Room lights? Plants sure die  :Sad:

----------


## wllm33

i also think so, even though i am putting in money plants.
but got so many tanks, but not many lights.
think only way is to change water.
thnks

----------


## zyblack

Since low-tech means no CO2 injection, the best option for you is to use plants that have direct contact with air since there will be a lot more CO2 in the air than in the water. Floating plants or plants that have leaves outside of the water will do fine. The only thing you can adjust to increase the nitrate uptake rate is to increase your lighting periods and intensity. Ambient or room light may allow the plants to survive but will not thrive nor increase nitrate uptake rate.

----------


## freshfish

> Just get those cheap cheap stem plants. You tank will become a jungle within 2 weeks.
> 
> Will be doing that to cycle my new tank.


like what ? can name a few ? pictures ? :Very Happy:

----------


## ghim

I am using the ones at the background. With needle like leaves.

And bought a few packs of plants from seaview - those packed and cost 80cts each  :Grin: 

Found the name for the plant. Rotala wallichii.

----------


## exotic_idiot

> Rotala wallichii


Won't they drop leaves? Will be messy if they do... That's why i hated stem plants.. Not enough lights they drop leaves and the whole tank will have lots of floating dead leaves... :Smile:

----------


## freshfish

hey guys do you all use a chiller for the planted tanks ?

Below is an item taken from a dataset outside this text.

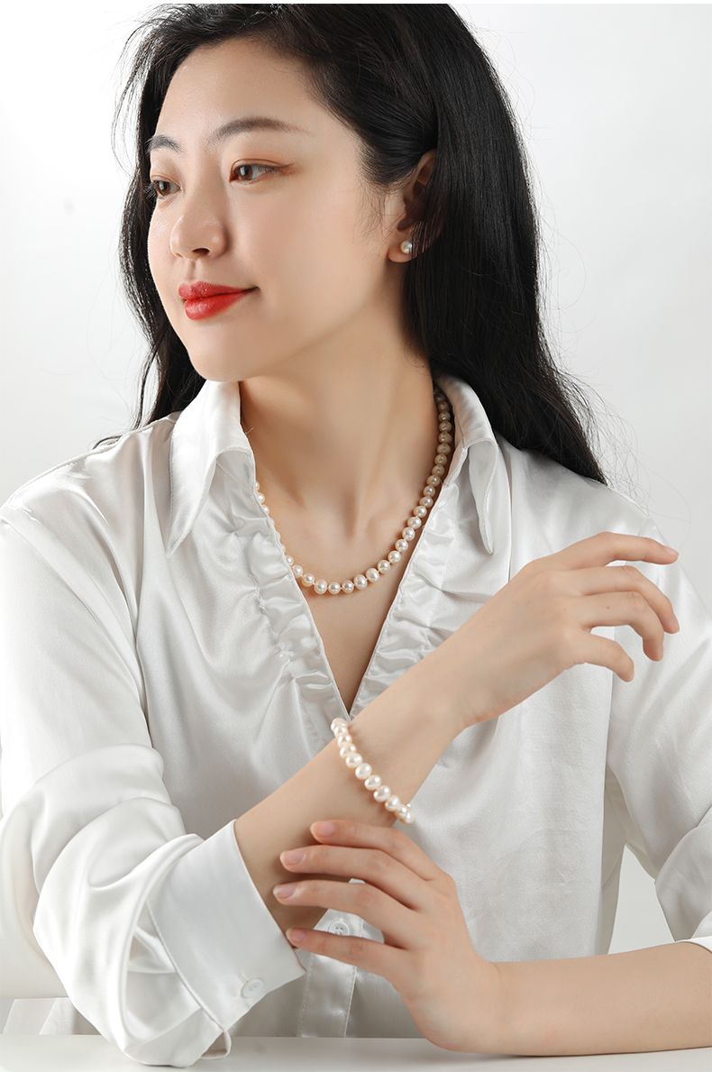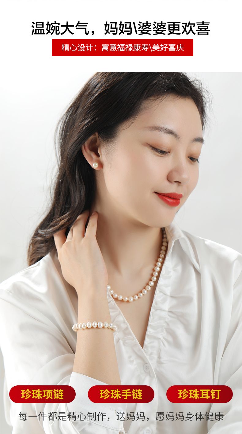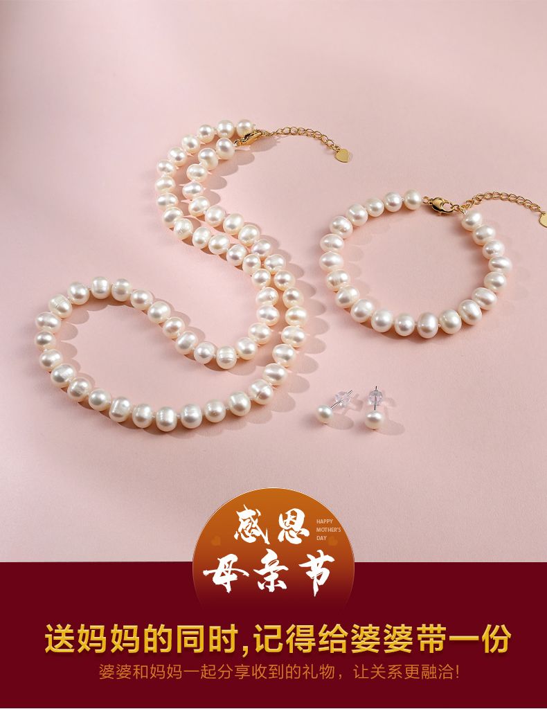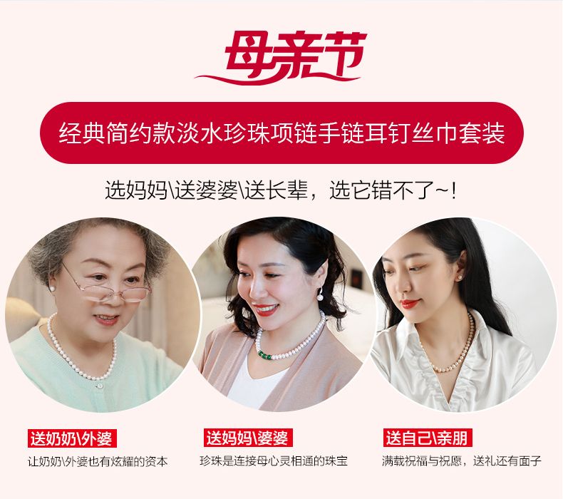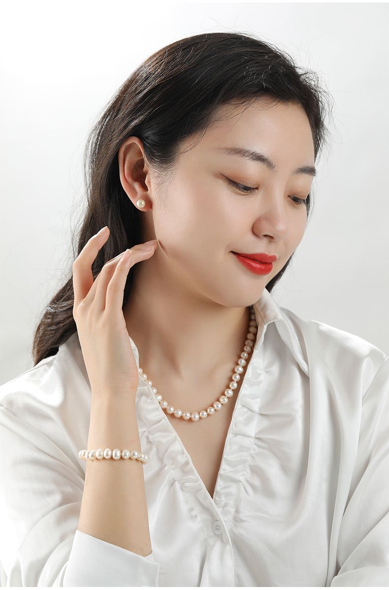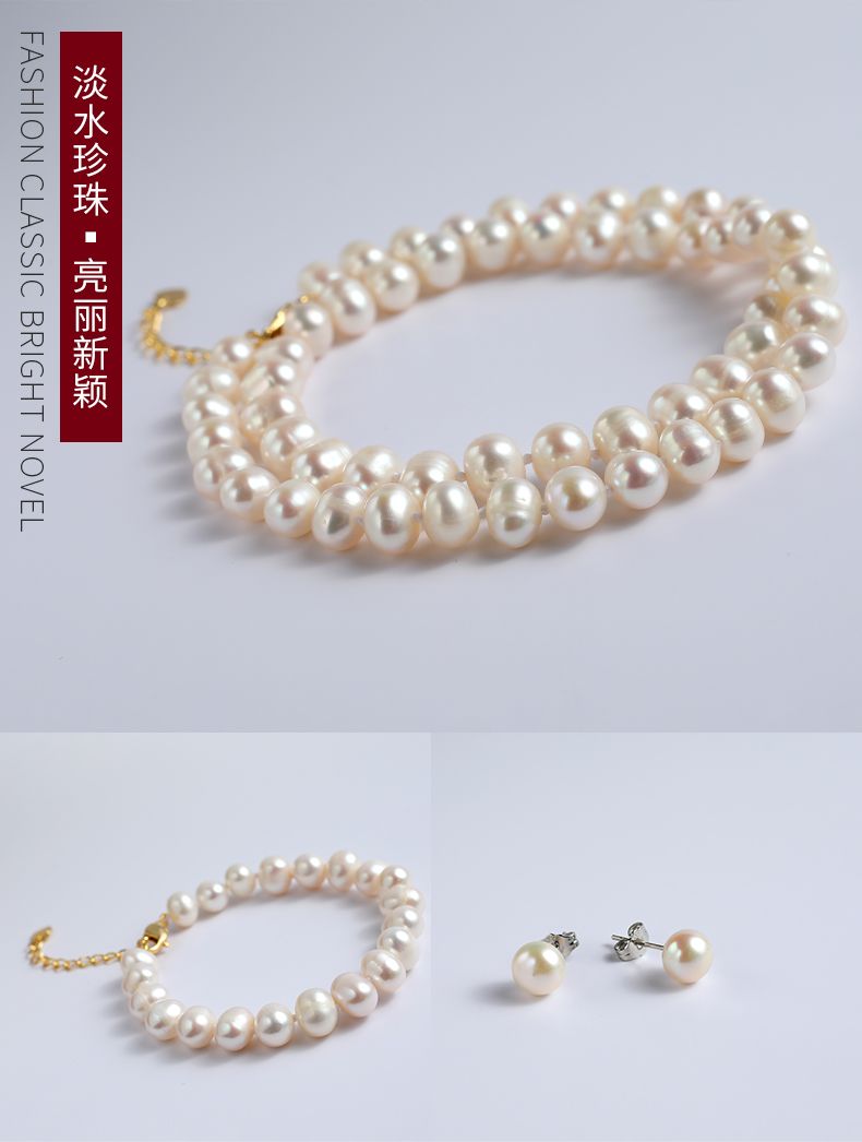 商品名称:经典简约款淡水珍珠项链手链耳钉丝巾套装

i went to a shop and the guy told me that if the water too warm , the plants will produce ammonia or nitrates ? is it true ??!?!

----------


## wks

Hi Freshfish, the real reson is that he wants to sell the chiller to you. The plants produce ammonia etc are all nonsense.

----------


## properfool

i think very hard for anything to grow under 4hrs of pl light/day. Anything that takes up nitrate well generally grows pretty fast. Grows fast often need energy which will need light.

The low tech tank approach by D walstad advocates floating plants.

minimum Photoperiod for effective photosynthesis in plants is a minimum 5-6 hrs. less than that you won't get much results

----------


## ghim

> Won't they drop leaves? Will be messy if they do... That's why i hated stem plants.. Not enough lights they drop leaves and the whole tank will have lots of floating dead leaves...


I dont experience dropping of leaves for this plant. There are quite a few that does. I like stem plants, so no choice. Every few days use tweezers and pick them up. 




> hey guys do you all use a chiller for the planted tanks ?
> 
> i went to a shop and the guy told me that if the water too warm , the plants will produce ammonia or nitrates ? is it true ??!?!


Which means the plant died and rotted? 26-29 C will be good enough. Which can be achieved by usage of fan.


Finally found the name of the easiest stem plant I grew - Water Wisteria.

----------


## exotic_idiot

Think i really have to adjust my lightings to 5hrs a day? Hopes it helps...

----------


## wllm33

my lights are 8 hours daily, but i think it depends also on the intensity and the other conditions.
i am having algae on the glass now, which i thought would not be with just 8 hours.
but i am doing gujing and downoi, both are really a handful and dead worried they will melt on me again.

----------